DATA BLOCK ▸
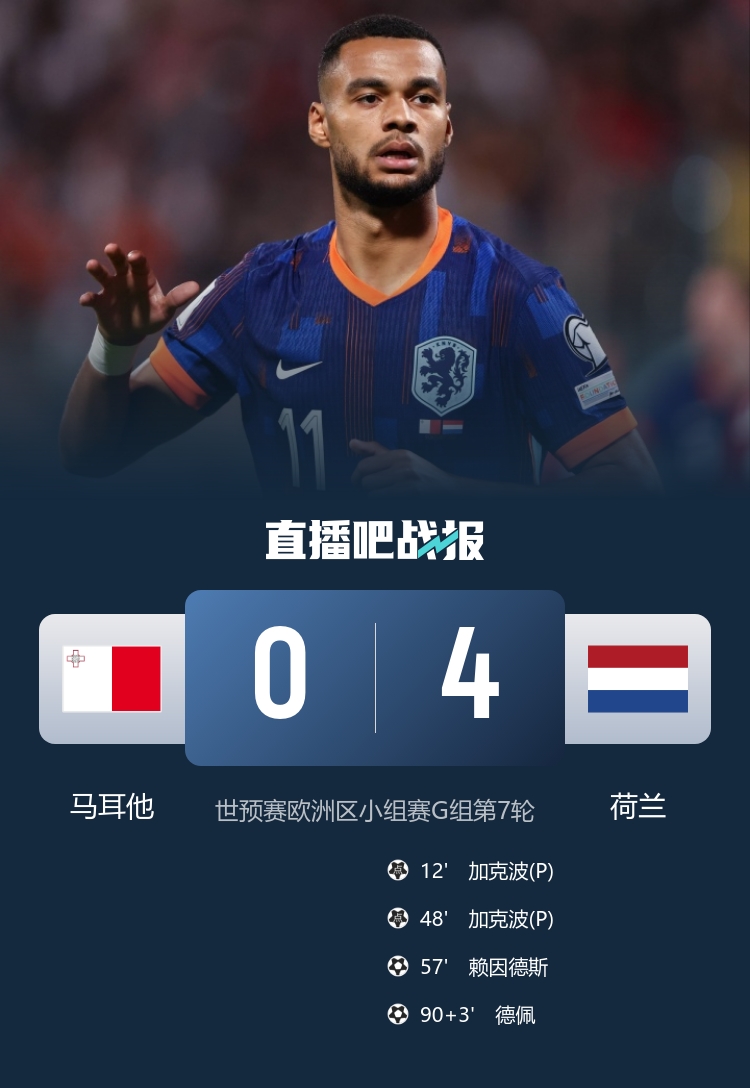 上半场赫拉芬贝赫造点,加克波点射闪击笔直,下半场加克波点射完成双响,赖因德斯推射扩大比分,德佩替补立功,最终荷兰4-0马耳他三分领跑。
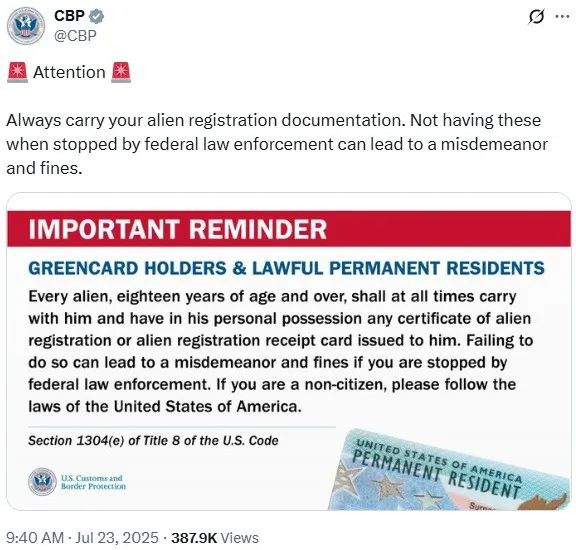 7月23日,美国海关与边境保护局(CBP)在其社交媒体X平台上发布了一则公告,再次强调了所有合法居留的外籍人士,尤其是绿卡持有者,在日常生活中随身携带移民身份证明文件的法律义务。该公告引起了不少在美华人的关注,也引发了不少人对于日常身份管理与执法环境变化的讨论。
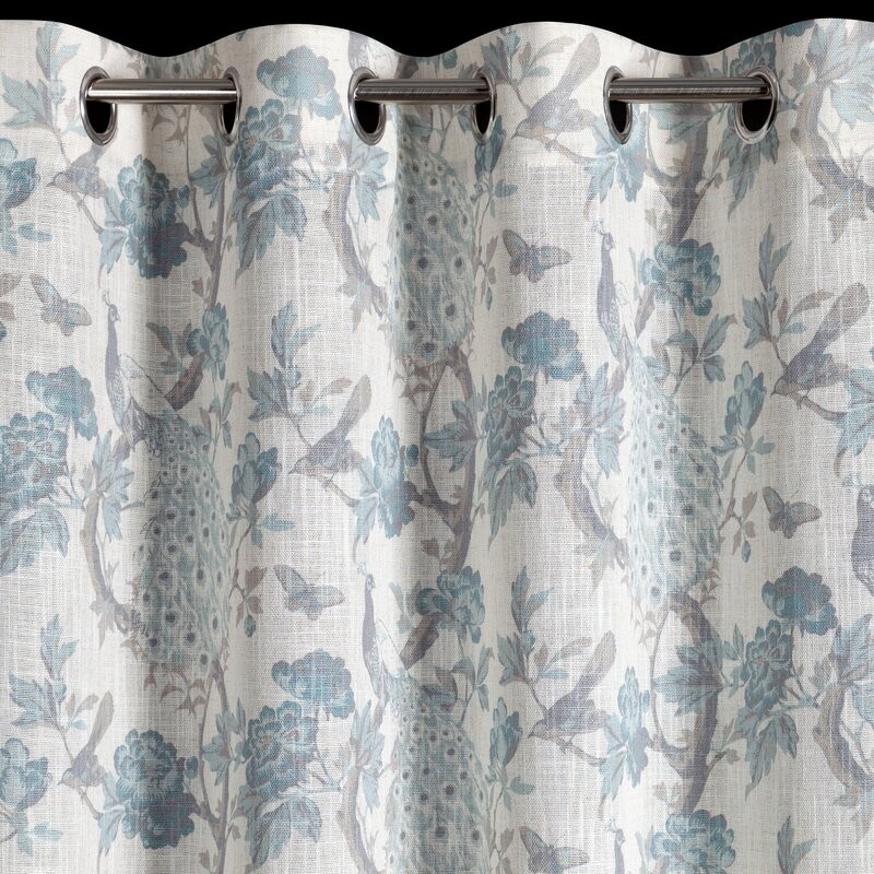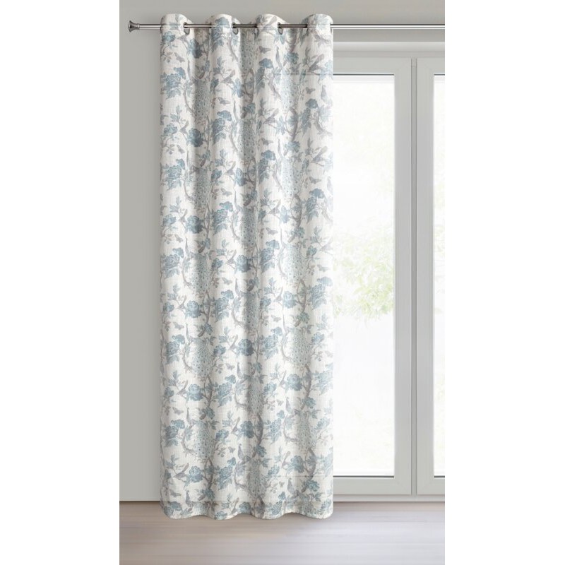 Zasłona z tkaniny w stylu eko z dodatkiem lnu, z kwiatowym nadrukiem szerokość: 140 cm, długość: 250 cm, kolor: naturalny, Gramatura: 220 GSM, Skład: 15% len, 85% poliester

EXERCISE DESCRIPTION ▸
Nothing should appear in the answer except the lines from the first line of the data through the line holding "7月23日,美国海关与边境保", exactly as written, with pictures left out.

ANSWER SPACE ▸
 上半场赫拉芬贝赫造点,加克波点射闪击笔直,下半场加克波点射完成双响,赖因德斯推射扩大比分,德佩替补立功,最终荷兰4-0马耳他三分领跑。
 7月23日,美国海关与边境保护局(CBP)在其社交媒体X平台上发布了一则公告,再次强调了所有合法居留的外籍人士,尤其是绿卡持有者,在日常生活中随身携带移民身份证明文件的法律义务。该公告引起了不少在美华人的关注,也引发了不少人对于日常身份管理与执法环境变化的讨论。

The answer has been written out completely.